According to Simon Philo, Revolver announced the arrival of the "underground London" sound, supplanting that of Swinging London. Barry Miles describes the album as an "advertisement for the underground", and recalls that it resounded on the level of experimental jazz among members of the movement, including those who soon founded the UFO Club. He says it established rock 'n' roll as an art form and identifies its "trailblazing" quality as the impetus for Pink Floyd's The Piper at the Gates of Dawn and for Brian Wilson to complete the Beach Boys' "mini-symphony", "Good Vibrations". Citing composer and producer Virgil Moorefield's book The Producer as Composer, Jay Hodgson highlights Revolver as a "dramatic turning point" in recording history through its dedication to studio exploration over the "performability" of the songs, as this and subsequent Beatles albums reshaped listeners' preconceptions of a pop recording. In his review for Pitchfork, Plagenhoef says that the album not only "redefin[ed] what was expected from popular music", but recast the Beatles as "avatars for a transformative cultural movement". MacDonald cites Revolver as a musical statement that, further to the Rubber Soul track "The Word" and "Rain", helped guide the counterculture towards the 1967 Summer of Love due to the widespread popularity of the Beatles.

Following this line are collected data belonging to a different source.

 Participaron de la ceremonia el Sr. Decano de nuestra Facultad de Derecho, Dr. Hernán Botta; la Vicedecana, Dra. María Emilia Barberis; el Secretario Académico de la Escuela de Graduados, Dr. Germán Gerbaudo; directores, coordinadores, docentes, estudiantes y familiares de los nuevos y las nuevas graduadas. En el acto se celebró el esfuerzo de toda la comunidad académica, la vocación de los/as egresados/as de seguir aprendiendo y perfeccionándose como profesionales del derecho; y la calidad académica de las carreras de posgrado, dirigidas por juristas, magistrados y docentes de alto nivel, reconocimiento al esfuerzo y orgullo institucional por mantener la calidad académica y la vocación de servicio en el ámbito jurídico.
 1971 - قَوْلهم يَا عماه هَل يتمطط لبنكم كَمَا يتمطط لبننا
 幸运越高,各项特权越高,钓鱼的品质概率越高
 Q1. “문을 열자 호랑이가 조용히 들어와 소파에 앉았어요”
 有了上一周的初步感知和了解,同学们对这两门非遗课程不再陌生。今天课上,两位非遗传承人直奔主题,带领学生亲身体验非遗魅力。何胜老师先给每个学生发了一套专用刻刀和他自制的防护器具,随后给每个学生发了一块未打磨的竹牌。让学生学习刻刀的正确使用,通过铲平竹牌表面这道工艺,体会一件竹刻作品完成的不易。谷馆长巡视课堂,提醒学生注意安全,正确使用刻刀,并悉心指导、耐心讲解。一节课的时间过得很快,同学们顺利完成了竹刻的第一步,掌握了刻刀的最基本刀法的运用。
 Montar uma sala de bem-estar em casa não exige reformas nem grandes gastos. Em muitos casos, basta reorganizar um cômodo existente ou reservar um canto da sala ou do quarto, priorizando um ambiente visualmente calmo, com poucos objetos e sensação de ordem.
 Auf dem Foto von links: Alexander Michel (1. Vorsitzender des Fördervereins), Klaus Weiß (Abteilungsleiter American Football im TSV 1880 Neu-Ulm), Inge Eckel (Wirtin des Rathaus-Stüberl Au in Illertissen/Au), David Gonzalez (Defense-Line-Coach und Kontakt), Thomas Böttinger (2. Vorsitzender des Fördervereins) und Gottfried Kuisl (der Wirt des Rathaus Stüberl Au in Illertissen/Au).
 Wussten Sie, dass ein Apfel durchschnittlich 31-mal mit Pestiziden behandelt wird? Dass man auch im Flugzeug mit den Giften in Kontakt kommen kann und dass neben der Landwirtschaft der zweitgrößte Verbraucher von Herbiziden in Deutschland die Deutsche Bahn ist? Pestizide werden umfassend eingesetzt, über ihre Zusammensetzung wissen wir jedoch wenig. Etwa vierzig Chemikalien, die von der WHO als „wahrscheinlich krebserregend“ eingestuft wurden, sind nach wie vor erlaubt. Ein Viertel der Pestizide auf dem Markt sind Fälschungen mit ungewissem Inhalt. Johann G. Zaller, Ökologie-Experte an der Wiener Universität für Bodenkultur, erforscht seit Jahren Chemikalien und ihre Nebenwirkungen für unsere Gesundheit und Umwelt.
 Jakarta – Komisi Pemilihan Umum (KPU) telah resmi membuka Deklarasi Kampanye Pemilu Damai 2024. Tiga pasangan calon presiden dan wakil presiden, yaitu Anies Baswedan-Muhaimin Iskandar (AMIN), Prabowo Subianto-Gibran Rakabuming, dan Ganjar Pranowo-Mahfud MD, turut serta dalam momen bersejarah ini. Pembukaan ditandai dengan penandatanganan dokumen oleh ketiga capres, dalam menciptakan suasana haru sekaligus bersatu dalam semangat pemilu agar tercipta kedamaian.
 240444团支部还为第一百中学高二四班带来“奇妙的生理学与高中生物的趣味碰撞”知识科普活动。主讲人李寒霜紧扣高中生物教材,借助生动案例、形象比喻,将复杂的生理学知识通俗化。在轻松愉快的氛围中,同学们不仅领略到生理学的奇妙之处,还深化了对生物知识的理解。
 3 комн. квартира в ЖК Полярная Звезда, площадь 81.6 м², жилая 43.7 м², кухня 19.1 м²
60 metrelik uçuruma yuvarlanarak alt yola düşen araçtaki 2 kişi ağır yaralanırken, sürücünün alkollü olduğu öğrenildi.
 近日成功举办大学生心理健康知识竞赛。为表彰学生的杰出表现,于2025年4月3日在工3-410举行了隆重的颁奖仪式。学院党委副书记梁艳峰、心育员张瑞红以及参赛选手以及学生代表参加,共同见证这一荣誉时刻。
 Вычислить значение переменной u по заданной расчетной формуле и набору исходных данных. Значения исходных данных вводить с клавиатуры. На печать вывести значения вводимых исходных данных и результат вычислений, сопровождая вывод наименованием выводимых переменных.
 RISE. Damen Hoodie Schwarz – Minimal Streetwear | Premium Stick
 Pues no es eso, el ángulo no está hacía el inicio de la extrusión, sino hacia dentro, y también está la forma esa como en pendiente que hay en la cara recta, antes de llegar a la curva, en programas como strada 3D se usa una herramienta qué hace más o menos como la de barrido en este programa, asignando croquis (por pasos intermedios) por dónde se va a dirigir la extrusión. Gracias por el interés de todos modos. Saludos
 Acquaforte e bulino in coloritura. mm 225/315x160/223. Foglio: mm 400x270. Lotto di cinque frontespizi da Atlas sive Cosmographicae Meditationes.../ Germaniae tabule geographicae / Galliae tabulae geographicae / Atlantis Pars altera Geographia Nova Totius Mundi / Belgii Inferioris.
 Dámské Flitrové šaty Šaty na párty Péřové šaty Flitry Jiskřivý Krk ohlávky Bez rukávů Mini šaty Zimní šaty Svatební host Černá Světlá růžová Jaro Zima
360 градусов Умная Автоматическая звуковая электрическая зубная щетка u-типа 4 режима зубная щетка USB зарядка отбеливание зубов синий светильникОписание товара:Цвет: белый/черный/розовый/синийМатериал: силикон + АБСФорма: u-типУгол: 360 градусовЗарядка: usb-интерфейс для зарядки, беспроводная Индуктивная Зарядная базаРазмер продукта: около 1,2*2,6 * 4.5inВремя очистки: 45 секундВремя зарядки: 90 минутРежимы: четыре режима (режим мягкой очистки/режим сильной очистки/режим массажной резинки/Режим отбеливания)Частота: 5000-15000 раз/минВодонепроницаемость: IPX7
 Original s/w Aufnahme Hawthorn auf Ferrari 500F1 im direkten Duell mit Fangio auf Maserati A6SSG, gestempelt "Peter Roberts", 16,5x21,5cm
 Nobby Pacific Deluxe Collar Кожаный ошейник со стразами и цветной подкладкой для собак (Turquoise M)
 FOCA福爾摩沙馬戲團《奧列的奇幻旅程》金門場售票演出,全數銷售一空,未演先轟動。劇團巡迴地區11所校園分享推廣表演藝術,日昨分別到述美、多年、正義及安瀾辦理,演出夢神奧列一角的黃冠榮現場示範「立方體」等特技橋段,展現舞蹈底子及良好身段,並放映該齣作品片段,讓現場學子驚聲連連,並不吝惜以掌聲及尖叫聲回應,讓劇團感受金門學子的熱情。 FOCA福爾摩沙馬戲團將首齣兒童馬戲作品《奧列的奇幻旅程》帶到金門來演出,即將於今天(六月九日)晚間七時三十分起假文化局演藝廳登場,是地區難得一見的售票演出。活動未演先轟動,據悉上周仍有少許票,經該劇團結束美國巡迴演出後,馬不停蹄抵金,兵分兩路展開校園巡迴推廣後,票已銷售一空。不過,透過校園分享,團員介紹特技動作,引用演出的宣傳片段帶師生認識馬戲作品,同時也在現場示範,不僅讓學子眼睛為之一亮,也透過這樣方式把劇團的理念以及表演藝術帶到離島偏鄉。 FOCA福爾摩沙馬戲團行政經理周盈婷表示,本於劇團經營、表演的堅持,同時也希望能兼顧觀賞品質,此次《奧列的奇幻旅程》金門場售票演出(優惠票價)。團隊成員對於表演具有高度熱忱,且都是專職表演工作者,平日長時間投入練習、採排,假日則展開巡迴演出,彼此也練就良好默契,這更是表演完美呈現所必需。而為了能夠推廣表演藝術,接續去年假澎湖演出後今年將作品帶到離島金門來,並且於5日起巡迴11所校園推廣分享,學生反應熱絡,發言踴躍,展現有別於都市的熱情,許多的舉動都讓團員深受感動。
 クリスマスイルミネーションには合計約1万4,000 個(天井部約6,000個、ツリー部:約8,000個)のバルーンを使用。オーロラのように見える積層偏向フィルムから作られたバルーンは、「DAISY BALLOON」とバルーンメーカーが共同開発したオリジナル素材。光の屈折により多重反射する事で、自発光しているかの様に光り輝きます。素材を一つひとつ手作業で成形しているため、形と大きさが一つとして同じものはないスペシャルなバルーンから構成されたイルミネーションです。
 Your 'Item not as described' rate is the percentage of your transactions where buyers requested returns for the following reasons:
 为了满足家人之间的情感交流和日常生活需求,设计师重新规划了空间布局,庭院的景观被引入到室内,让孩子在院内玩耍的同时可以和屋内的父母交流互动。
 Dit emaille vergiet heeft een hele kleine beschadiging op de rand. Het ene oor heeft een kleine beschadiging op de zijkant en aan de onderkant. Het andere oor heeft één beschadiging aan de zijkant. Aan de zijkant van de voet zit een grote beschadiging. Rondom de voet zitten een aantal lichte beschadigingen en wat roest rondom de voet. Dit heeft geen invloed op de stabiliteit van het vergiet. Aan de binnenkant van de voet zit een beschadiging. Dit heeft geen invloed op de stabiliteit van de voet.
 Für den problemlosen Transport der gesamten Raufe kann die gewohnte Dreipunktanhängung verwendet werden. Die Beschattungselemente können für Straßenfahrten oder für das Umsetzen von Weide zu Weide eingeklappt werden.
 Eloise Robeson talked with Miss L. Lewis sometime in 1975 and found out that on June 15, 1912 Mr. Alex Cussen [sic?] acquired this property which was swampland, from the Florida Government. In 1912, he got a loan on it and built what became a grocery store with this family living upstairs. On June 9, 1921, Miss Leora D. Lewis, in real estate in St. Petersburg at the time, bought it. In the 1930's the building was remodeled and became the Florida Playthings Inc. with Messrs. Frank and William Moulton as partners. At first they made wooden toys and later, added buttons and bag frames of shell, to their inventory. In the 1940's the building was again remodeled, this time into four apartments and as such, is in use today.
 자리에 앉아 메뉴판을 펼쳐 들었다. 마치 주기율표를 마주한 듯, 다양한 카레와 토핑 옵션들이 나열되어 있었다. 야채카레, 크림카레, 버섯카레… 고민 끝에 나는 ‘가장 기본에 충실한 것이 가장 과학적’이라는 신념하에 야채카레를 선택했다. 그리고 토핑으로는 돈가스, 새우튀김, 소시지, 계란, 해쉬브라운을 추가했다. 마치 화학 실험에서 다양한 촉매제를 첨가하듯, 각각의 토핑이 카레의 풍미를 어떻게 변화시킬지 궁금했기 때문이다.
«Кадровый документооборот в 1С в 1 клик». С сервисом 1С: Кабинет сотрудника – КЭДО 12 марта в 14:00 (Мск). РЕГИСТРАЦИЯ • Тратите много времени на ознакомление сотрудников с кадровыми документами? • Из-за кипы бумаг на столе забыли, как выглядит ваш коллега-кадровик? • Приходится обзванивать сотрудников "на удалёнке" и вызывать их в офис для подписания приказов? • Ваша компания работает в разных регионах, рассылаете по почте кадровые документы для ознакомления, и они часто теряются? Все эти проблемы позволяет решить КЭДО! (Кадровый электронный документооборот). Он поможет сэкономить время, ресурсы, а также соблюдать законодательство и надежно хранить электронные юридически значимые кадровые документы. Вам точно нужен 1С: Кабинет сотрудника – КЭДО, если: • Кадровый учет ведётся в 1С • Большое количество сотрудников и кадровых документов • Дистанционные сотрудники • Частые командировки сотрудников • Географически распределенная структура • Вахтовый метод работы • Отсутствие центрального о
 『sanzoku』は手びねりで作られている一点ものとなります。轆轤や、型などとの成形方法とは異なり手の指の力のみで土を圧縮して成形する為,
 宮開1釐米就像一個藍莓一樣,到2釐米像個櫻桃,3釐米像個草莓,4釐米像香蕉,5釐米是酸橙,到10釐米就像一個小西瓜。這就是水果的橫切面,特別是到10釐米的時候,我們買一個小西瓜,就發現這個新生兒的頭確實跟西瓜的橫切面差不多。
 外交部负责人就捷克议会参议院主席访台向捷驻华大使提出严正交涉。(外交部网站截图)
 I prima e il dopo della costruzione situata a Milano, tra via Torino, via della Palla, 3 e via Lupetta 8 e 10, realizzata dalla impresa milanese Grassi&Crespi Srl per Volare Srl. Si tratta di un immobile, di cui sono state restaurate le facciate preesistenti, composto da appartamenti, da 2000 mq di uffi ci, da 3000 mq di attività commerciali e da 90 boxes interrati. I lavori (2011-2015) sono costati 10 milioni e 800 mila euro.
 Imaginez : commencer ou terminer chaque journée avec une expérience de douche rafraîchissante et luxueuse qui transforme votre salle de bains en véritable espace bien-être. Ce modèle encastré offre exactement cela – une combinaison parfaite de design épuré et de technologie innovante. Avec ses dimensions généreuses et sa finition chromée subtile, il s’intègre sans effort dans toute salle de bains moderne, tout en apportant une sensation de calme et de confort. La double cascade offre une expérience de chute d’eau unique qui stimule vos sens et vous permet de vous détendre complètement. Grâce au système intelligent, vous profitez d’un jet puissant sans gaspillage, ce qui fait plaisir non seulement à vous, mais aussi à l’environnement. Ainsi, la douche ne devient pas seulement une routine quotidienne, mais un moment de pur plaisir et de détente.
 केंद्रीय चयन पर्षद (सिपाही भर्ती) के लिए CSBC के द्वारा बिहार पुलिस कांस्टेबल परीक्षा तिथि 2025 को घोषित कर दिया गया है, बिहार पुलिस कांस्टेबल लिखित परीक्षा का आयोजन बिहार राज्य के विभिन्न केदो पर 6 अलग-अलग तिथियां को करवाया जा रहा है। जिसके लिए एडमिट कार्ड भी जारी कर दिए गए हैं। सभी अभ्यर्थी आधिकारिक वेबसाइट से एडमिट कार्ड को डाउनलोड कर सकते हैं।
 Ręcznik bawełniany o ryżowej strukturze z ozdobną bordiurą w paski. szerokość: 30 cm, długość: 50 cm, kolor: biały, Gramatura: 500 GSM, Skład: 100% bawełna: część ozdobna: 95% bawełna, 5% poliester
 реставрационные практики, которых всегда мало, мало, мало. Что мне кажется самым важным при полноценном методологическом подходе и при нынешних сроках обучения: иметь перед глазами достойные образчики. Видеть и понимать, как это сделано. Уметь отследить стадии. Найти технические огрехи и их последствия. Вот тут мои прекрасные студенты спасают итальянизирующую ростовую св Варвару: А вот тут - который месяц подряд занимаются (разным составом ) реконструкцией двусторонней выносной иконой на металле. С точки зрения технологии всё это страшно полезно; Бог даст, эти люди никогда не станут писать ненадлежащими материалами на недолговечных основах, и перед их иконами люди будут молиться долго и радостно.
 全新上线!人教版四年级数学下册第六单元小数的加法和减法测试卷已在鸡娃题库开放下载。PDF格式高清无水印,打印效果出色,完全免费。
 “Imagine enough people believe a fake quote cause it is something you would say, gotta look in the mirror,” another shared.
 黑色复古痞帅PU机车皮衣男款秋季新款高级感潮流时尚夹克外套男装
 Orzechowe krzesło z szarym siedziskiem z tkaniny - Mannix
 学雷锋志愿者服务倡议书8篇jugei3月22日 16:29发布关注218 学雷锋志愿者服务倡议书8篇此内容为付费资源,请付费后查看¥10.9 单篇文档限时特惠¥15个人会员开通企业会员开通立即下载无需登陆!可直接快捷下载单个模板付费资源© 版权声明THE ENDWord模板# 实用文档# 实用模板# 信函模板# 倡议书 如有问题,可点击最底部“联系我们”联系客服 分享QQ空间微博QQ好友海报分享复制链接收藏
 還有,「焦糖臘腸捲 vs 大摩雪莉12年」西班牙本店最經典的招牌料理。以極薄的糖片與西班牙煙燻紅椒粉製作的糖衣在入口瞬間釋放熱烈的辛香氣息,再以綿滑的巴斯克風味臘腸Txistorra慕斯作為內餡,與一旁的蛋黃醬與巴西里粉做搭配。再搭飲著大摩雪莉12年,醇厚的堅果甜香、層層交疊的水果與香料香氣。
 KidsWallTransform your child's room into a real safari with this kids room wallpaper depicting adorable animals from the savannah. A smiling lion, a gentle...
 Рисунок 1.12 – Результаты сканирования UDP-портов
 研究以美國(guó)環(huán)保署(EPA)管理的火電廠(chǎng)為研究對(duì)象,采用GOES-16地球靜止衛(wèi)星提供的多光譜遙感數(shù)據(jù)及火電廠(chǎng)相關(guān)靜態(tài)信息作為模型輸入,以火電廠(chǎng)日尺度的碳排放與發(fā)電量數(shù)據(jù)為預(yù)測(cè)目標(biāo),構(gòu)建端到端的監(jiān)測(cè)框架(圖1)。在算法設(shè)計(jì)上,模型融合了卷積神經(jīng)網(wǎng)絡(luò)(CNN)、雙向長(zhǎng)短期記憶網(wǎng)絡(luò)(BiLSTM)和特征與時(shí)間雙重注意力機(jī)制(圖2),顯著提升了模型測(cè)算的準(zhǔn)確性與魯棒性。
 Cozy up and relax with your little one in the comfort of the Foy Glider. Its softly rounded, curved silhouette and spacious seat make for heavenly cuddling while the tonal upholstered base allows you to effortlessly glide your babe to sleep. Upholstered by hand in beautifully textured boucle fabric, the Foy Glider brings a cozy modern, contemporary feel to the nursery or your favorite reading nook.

Revolver has been recognised as having inspired new subgenres of music, anticipating electronica, punk rock, baroque rock and world music, among other styles. According to Rolling Stone, the album "signaled that in popular music, anything – any theme, any musical idea – could now be realized". Through the Beatles' example, psychedelia moved from its underground roots into the mainstream, thereby originating the longer-lasting psychedelic pop style. Russell Reising and Jim LeBlanc credit the songs on Revolver with "set[ting] the stage for an important subgenre of psychedelic music, that of the messianic pronouncement". As with Rubber Soul, Walter Everett views the album's "experimental timbres, rhythms, tonal structures, and poetic texts" as the inspiration for many of the bands that formed the progressive rock genre in the early 1970s. He also considers Revolver to be "an innovative example of electronic music" as much as it broke new ground in pop by being "fundamentally unlike any rock album that had preceded it". (Note: While recognising it as the inspiration for the Moody Blues' 1968 album In Search of the Lost Chord, Everett says that Revolvers most profound influence on the Beatles' contemporaries was through "its general emancipation from Western pop norms of melody, harmony, instrumentation, formal structure, rhythm, and engineering".) Rolling Stone attributes the development of the Los Angeles and San Francisco music scenes, including subsequent releases by the Beach Boys, Love and the Grateful Dead, to the influence of Revolver, particularly "She Said She Said".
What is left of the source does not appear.